═══ SUPPLIED DATA ═══

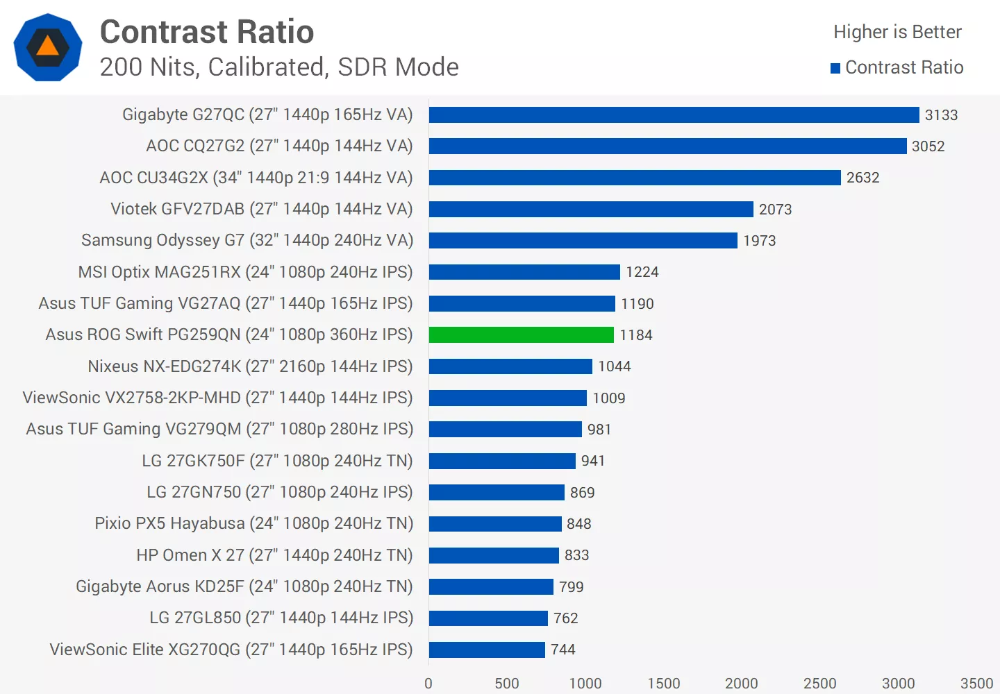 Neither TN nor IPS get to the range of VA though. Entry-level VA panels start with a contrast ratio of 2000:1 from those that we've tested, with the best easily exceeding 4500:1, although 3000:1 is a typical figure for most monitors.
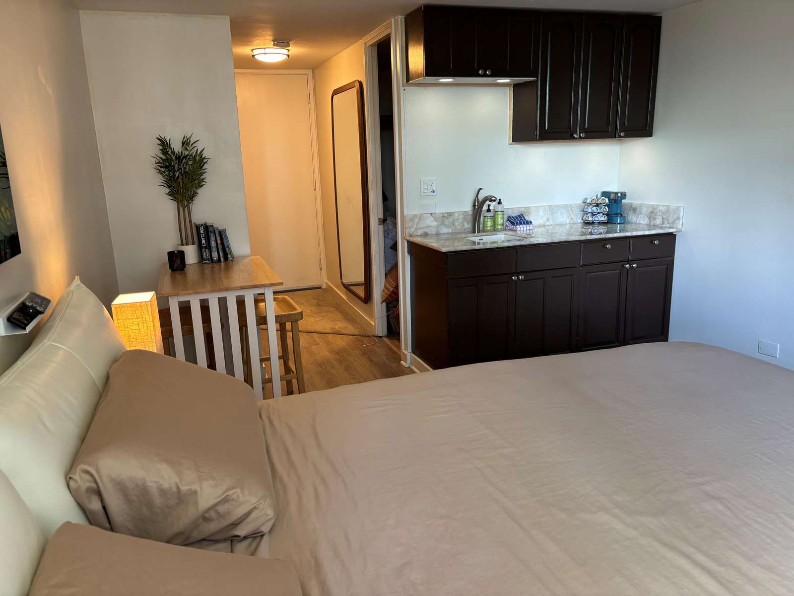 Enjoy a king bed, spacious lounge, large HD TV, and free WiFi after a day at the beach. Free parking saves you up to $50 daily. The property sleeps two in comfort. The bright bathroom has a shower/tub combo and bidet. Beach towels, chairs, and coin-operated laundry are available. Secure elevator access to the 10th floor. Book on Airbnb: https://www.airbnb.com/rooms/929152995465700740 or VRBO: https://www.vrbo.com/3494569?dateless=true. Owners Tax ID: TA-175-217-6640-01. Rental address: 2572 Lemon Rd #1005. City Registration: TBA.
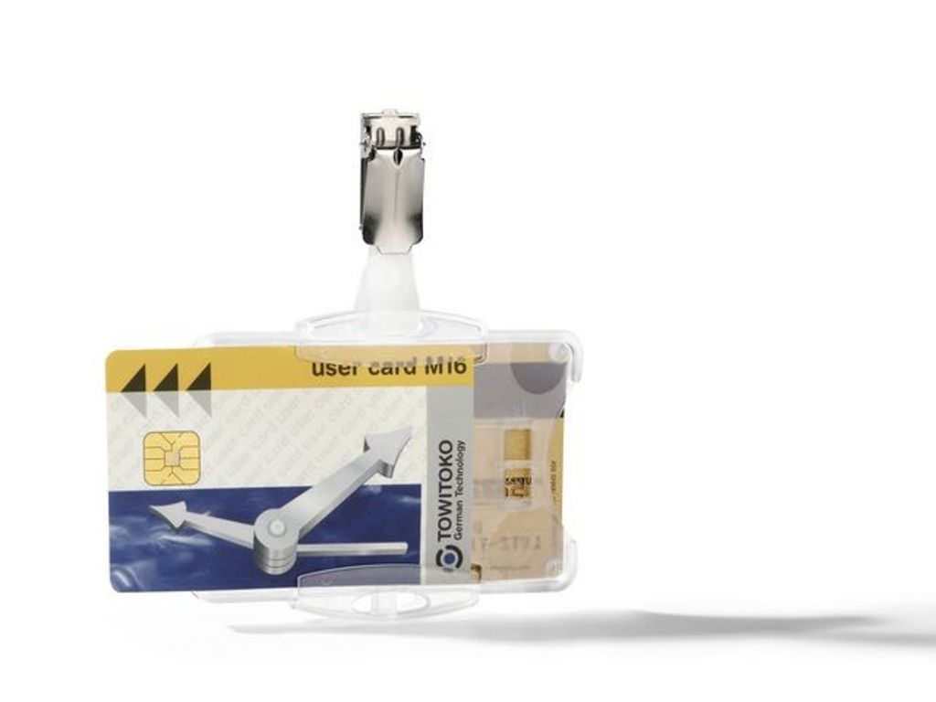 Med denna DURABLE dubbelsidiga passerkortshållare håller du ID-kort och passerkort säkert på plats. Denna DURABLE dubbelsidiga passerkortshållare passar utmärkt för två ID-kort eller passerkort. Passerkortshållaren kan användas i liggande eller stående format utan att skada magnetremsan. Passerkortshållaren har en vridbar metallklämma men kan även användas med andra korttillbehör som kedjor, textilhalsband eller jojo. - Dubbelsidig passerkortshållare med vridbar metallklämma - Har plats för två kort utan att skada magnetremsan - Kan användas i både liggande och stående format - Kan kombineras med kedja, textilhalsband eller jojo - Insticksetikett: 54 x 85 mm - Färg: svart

═══

YOUR INSTRUCTIONS ▸ Exact transcription of the full listing above is required; images do not belong in it.

ANSWER SPACE ▸
 Neither TN nor IPS get to the range of VA though. Entry-level VA panels start with a contrast ratio of 2000:1 from those that we've tested, with the best easily exceeding 4500:1, although 3000:1 is a typical figure for most monitors.
 Enjoy a king bed, spacious lounge, large HD TV, and free WiFi after a day at the beach. Free parking saves you up to $50 daily. The property sleeps two in comfort. The bright bathroom has a shower/tub combo and bidet. Beach towels, chairs, and coin-operated laundry are available. Secure elevator access to the 10th floor. Book on Airbnb: https://www.airbnb.com/rooms/929152995465700740 or VRBO: https://www.vrbo.com/3494569?dateless=true. Owners Tax ID: TA-175-217-6640-01. Rental address: 2572 Lemon Rd #1005. City Registration: TBA.
 Med denna DURABLE dubbelsidiga passerkortshållare håller du ID-kort och passerkort säkert på plats. Denna DURABLE dubbelsidiga passerkortshållare passar utmärkt för två ID-kort eller passerkort. Passerkortshållaren kan användas i liggande eller stående format utan att skada magnetremsan. Passerkortshållaren har en vridbar metallklämma men kan även användas med andra korttillbehör som kedjor, textilhalsband eller jojo. - Dubbelsidig passerkortshållare med vridbar metallklämma - Har plats för två kort utan att skada magnetremsan - Kan användas i både liggande och stående format - Kan kombineras med kedja, textilhalsband eller jojo - Insticksetikett: 54 x 85 mm - Färg: svart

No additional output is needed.